Anael estaba enfurecida. Más de lo que lo había estado en toda su vida. Enfurecida con su protegido por haber cedido a las presiones de aquel ser despreciable. Pero mucho más aún con ella misma por no haber sido capaz de entrar en acción y hacerle frente. Era un demonio poderoso. Pero no se había pasado tanto tiempo esforzándose en la academia para esconderse cuando las cosas se complicaban.

Carlos, desde su prisión, empezó a notar cómo el color de sus extremidades se iba volviendo ceniza. Se había rendido.

La joven realizó otro movimiento de manos y apareció de nuevo en aquel infierno particular. Carlos se veía como si un tenue velo le hubiera cubierto su piel.
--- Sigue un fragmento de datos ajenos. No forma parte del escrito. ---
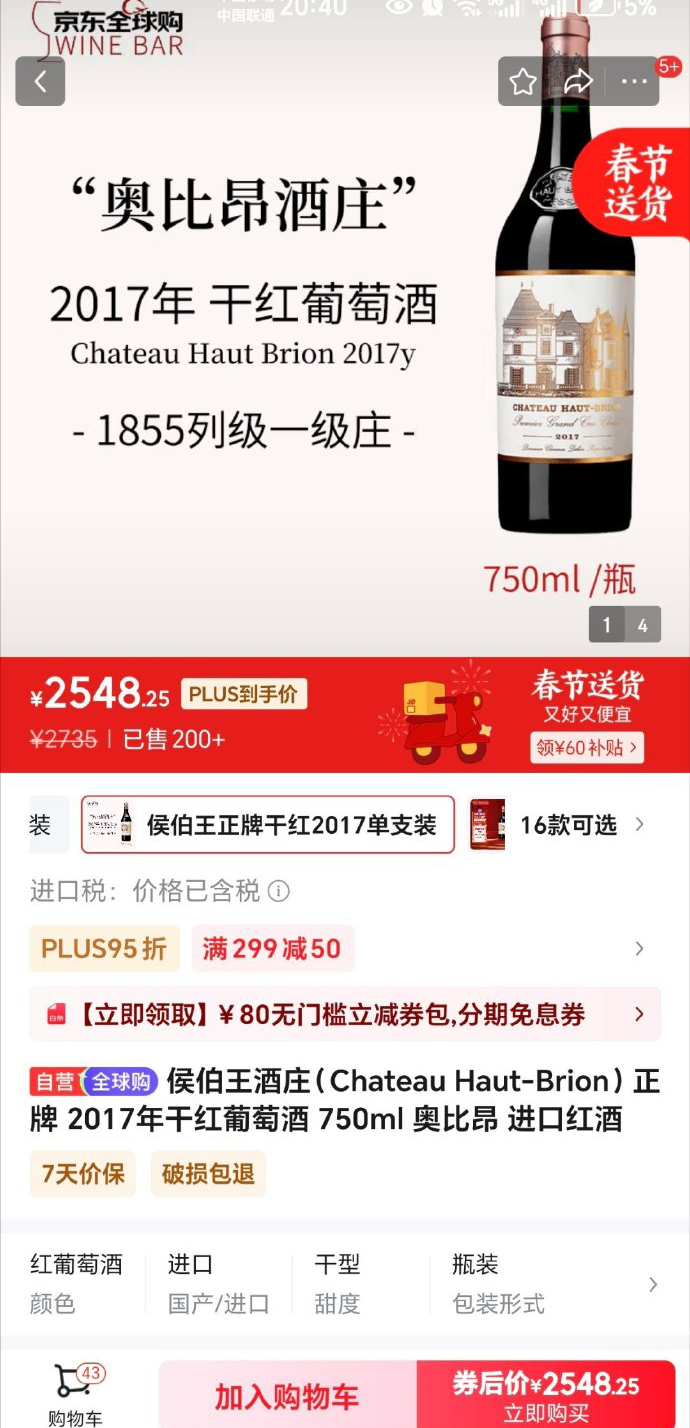 波尔多五大之一侯伯王(红颜容)2017,RMB2548.25一瓶。基本比英国和香港市场都要便宜了。
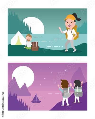 Векторный набор плакатов, баннеров с диким севером. Элементы дизайна яранги, оленеводов, каюров и Рыбаков в плоском стиле.
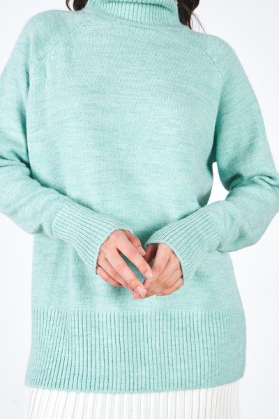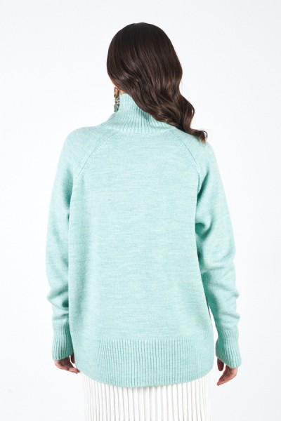 Джемпер свободного силуэта. Длинный рукав-реглан. Низ изделия и низ рукава оформлены резинкой, воротник-стойка. Изделие выполнено из мягкой меланжевой пряжи.

Al oler la fragancia a flores elevó la vista hacia ella, pero apenas si consiguió esbozar una leve mueca a modo de sonrisa.

Corrió hacia él.

—¡¿Por qué lo has hecho?! ¡Sabías que era una treta de ese demonio! ¡¿Por qué has dejado que te domine?!

Carlos desvió la vista y la sonrisa se esfumó de su cara.

—No deberías estar aquí... —murmuró.

Estaba a punto de soltarle una bofetada con toda la rabia acumulaba, cuando un viento frío heló su espalda.

—Veo que tenemos compañía —susurró alguien cerca de su oído.

Anael giró su cara con lentitud, con la respiración cortada por la sorpresa. Allí estaba. El mismo que había estado atormentando a Carlos. Tardó varios segundos en reaccionar. Pero antes de poder siquiera alejarse de él, el demonio la cogió del cuello con una mano.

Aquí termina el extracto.